Automobile manufacturer

General Motors Vietnam Company, Ltd. (formerly Vietnam-Daewoo Motor Company Limited or VIDAMCO) was an automobile manufacturer based in Vietnam and a member of GM Southeast Asia Operations.

The company was officially established in December 1993 as a joint-venture between the Korean Daewoo and the 7983 Mechanic Union Enterprise that was owned by the Vietnamese Ministry of Defense.

In April 2000, the company became a 100% foreign investment enterprise after Daewoo acquired the share of its Vietnamese partner. In July 2011, the name of the company was changed from VIDAMCO to GM Vietnam.

On 28 June 2018, General Motors (GM.N) agreed to transfer its Vietnamese operation to VinFast Trading and Production LLC and distribute Chevrolet vehicles. The transfer, which includes GM's Hanoi plant, dealer network and employee base, was conducted by the end of 2018.

GM used its Hanoi plant to assemble Chevrolets with parts imported from South Korea - a country where the U.S. automaker came close to bankruptcy as it struggled to turn around its debt-laden unit. GM Korea is GM's biggest production base in Asia excluding China. The plant will be used solely to produce VinFast cars after the transfer, while Chevrolet cars will be imported.
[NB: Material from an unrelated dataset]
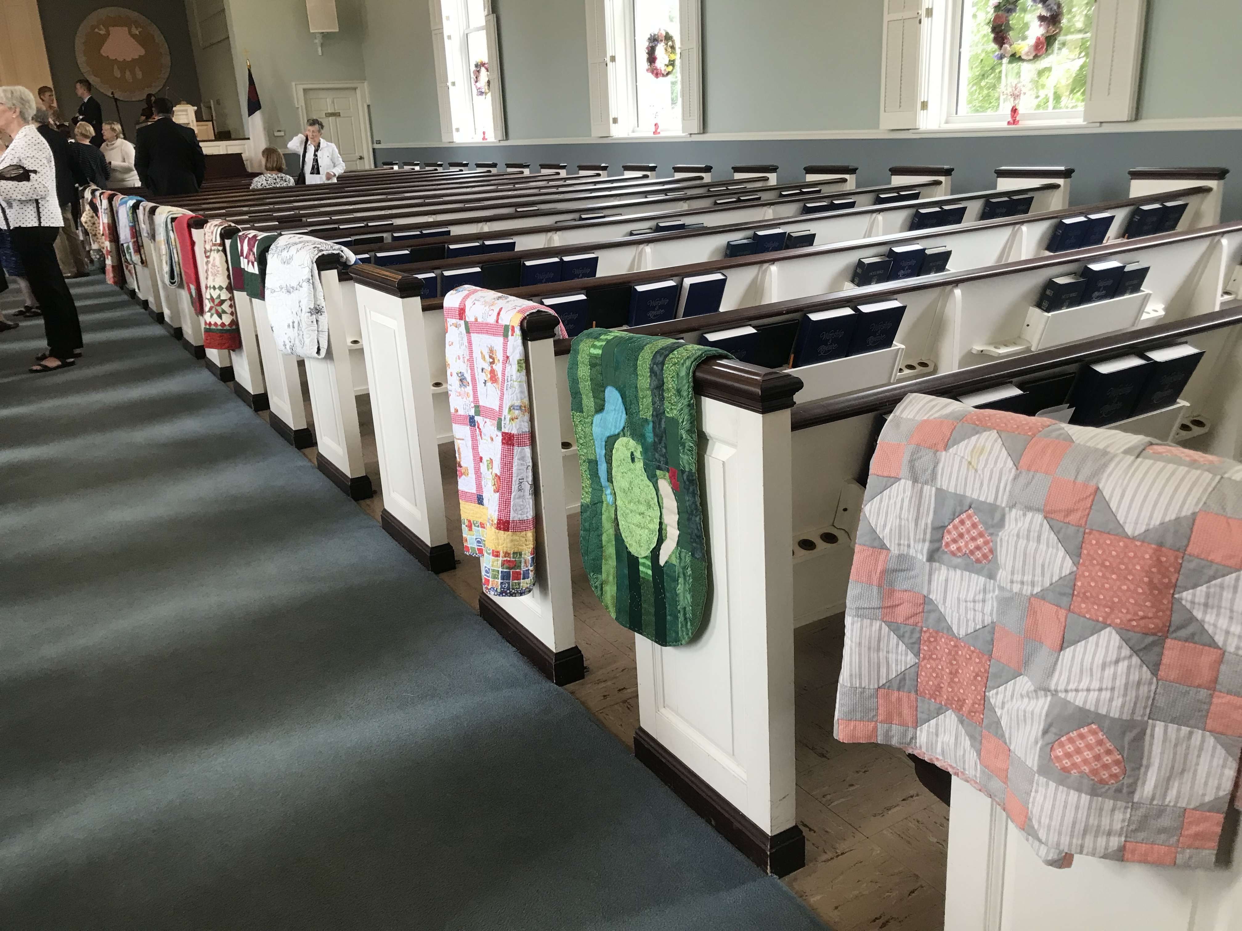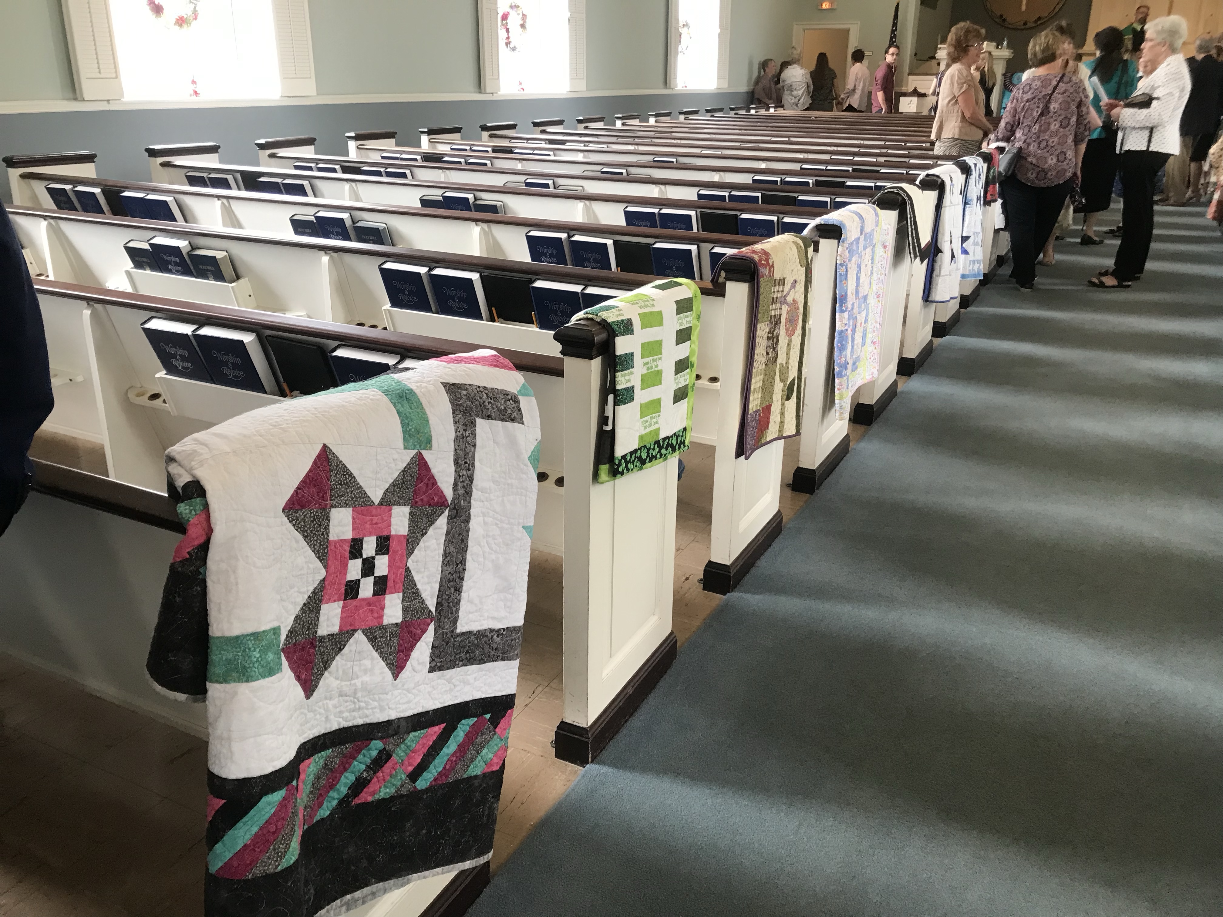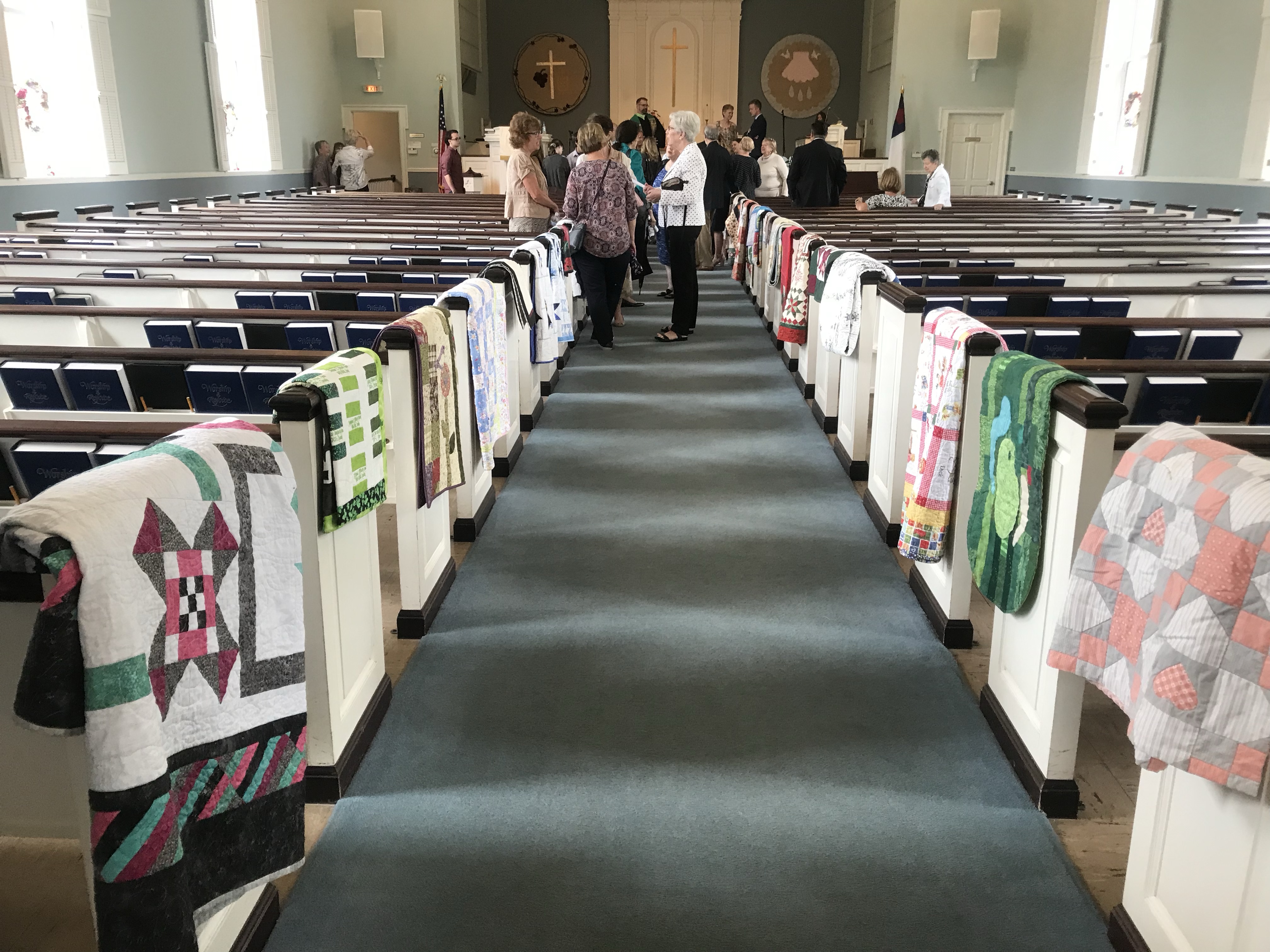 Every quilt you see on the pews of the picture above were touched by Gramma. I could write a lot about what we could learn from her life, but these quilts sum it up for me in one word: love. If you are lucky enough to know or be a quilter (which most of you are since this is a quilting blog, but if not, I’m so glad you enjoy reading my blog posts anyway!), then you know how much time and energy is sewn into each quilt. The amazing part is, these quilts pictured are only a fraction of the things my Gramma had sewn. Most have been given away to other people!

VinFast assumed ownership of the GM Hanoi factory, and implemented a significant investment program to build an all-new, global small car licensed from GM and manufactured and sold under the VinFast brand. Production of this vehicle began in 2019, greatly increasing capacity and output at the Hanoi plant and growing the manufacturing base of the dynamic VinFast operation.

==Production==

===Discontinued models===

- Daewoo Cielo (1995–2002)
- Daewoo Nubira (1998–2000)
- Daewoo Leganza (1998–2000)
- Daewoo Matiz (1998–2007)
- Daewoo Lanos (2000–2006)
- Daewoo Magnus (2002–2007)
- Chevrolet Vivant (2008–2011)
- Chevrolet Cruze (2010–2016)
- Chevrolet Captiva (2009–2018)
- Chevrolet Orlando (2011–2018)
- Chevrolet Colorado (2015–2018)
- Chevrolet Trailblazer (2017–2018)
- Chevrolet Aveo (2006–2018)
- Chevrolet Spark (2008–2018)
- Daewoo Damas (1990s–2018)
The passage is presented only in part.